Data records
○ ○ ○ ○
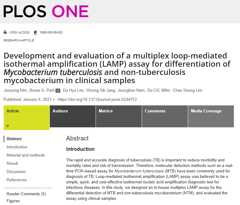 [논문] Development and evaluation of a multiplex loop-mediated isothermal amplification (LAMP) as
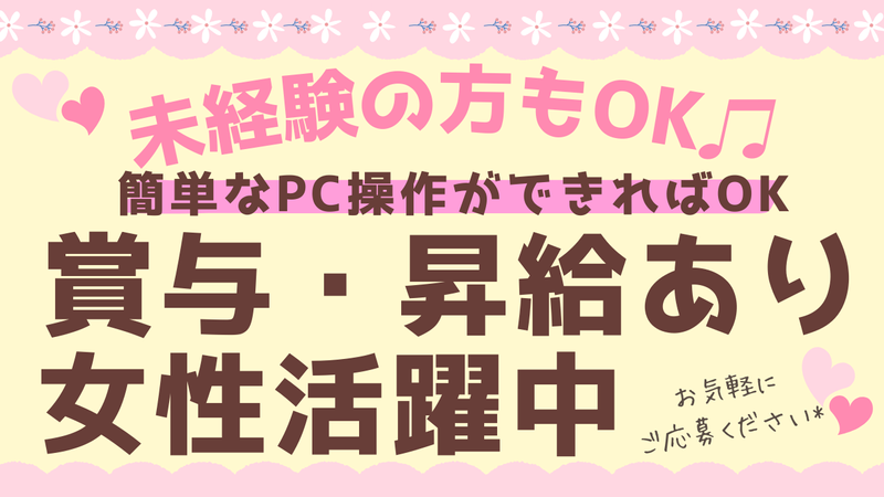 求めている人材 \明るく対応ができれば応募資格は◎/  ̄ ̄ ̄ ̄ ̄ ̄ ̄ ̄ ̄ ̄ ̄ ̄ ̄ ̄ ̄ ̄ *基本PC操作できる方 (Excel・Word・タイピングなど) *女性活躍中 *30代・40代女性中心に活躍中 *ブランク歓迎 *PC得意な方大歓迎 経験のある方もない方も まずはお気軽にご応募ください☆
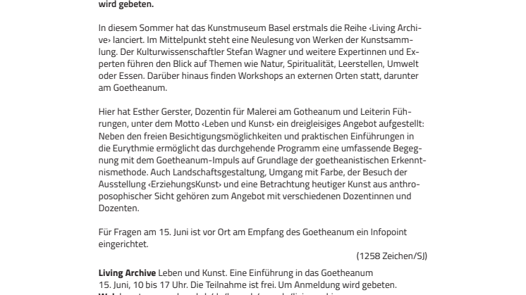 Living Archive Leben und Kunst. Eine Einführung in das Goetheanum, 15. Juni, 10 bis 17 Uhr. Die Teilnahme ist frei. Um Anmeldung wird gebeten.
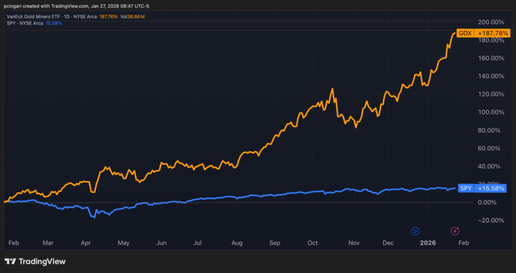 That gap puts gold miners on pace to outperform the broader market by more than 10 times.
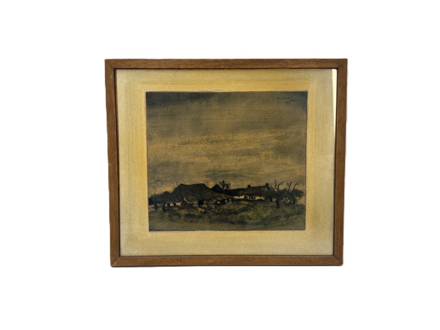 Schilderij olie op paneel getekend: W. Van Hecke, Gemengde technieken: olie + aquarel op papier. 'Hoevezicht'. Afmetingen: 22cm x 26cm
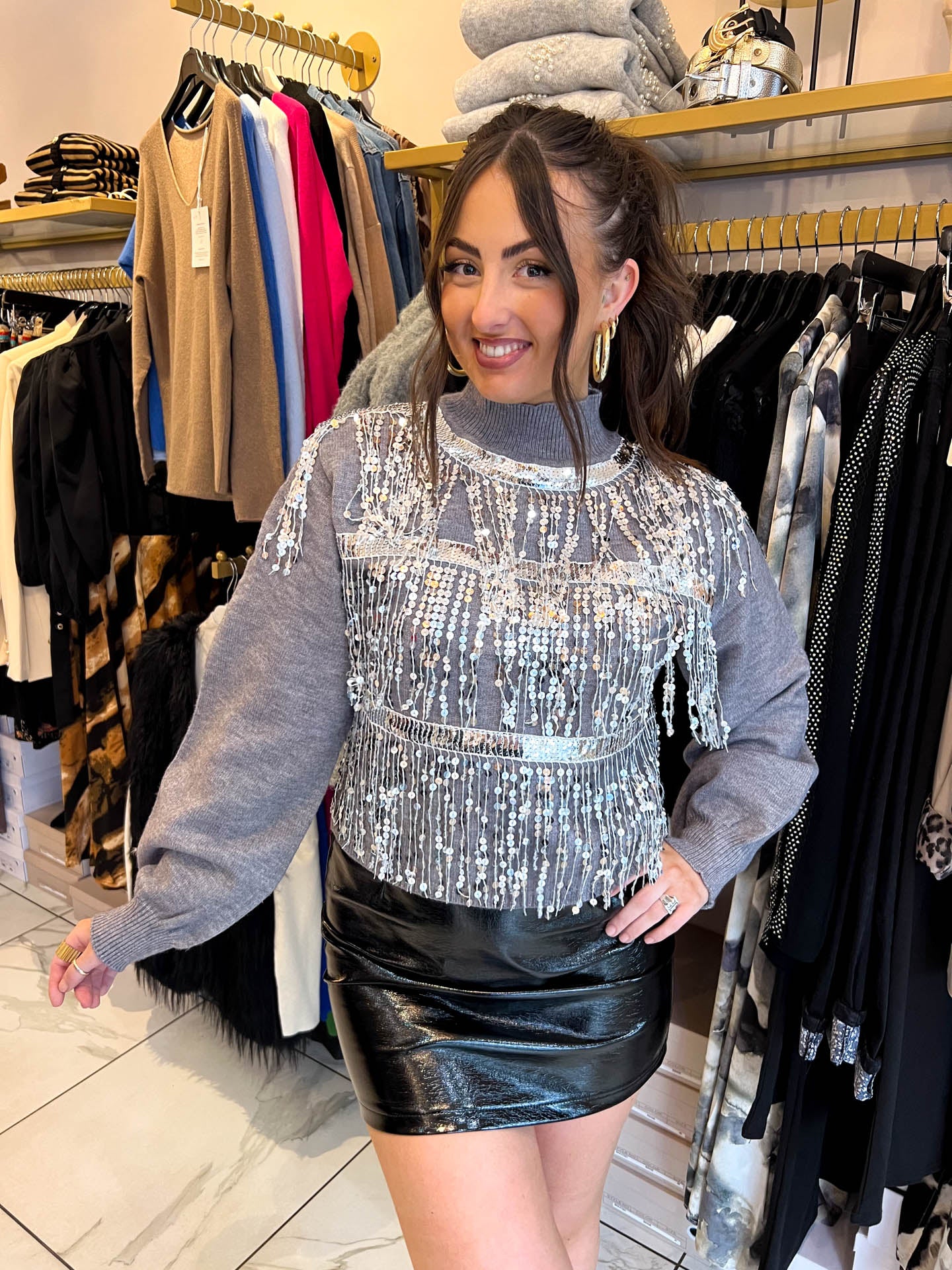 We love our new Bree jumper ! This knit is perfect for adding that bit of SPARKLE into your autumn/winter looks. Style with a pair of leather leggings and our SKYE mules to complete the look!
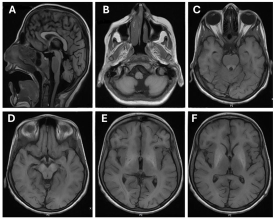 Brain magnetic resonance imaging (MRI) of patient (III-3). (A) Cerebellar atrophy flair saggital sequence flair; (B) hypoplasia of vermis axial T1; (C) increased signal from the basal ganglia down to the brain stem mainly midbrain (cerebri) and pones (ventral). Ventrical pons around 4th ventricle; (D) midbrain (cerebri bilateral); (E) frontal bilateral white matter hypersignal; (F) continuation of hypersignal to basal ganglia signs of hypomyelination.
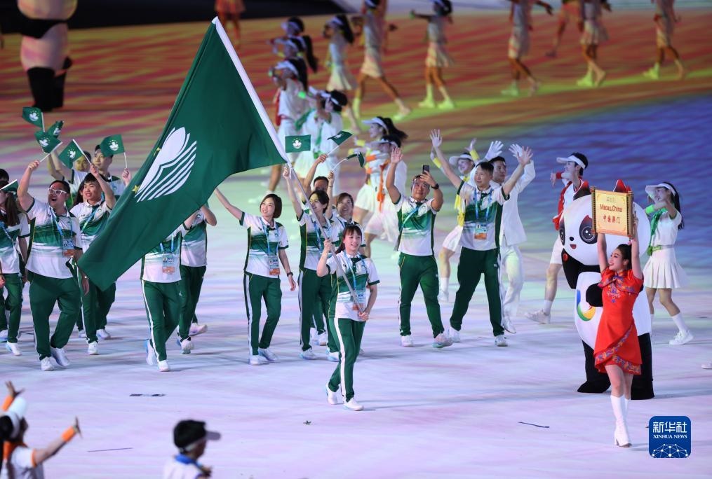 7月28日,中國(guó)澳門(mén)大學(xué)生體育代表團(tuán)在開(kāi)幕式上入場(chǎng)。
○ ○ ○ ○
* Instructions for the task *
Going from the line holding "We love our" to the last line of the data above, reproduce every line exactly, both included, with the pictures omitted.

* Exercise response *
 We love our new Bree jumper ! This knit is perfect for adding that bit of SPARKLE into your autumn/winter looks. Style with a pair of leather leggings and our SKYE mules to complete the look!
 Brain magnetic resonance imaging (MRI) of patient (III-3). (A) Cerebellar atrophy flair saggital sequence flair; (B) hypoplasia of vermis axial T1; (C) increased signal from the basal ganglia down to the brain stem mainly midbrain (cerebri) and pones (ventral). Ventrical pons around 4th ventricle; (D) midbrain (cerebri bilateral); (E) frontal bilateral white matter hypersignal; (F) continuation of hypersignal to basal ganglia signs of hypomyelination.
 7月28日,中國(guó)澳門(mén)大學(xué)生體育代表團(tuán)在開(kāi)幕式上入場(chǎng)。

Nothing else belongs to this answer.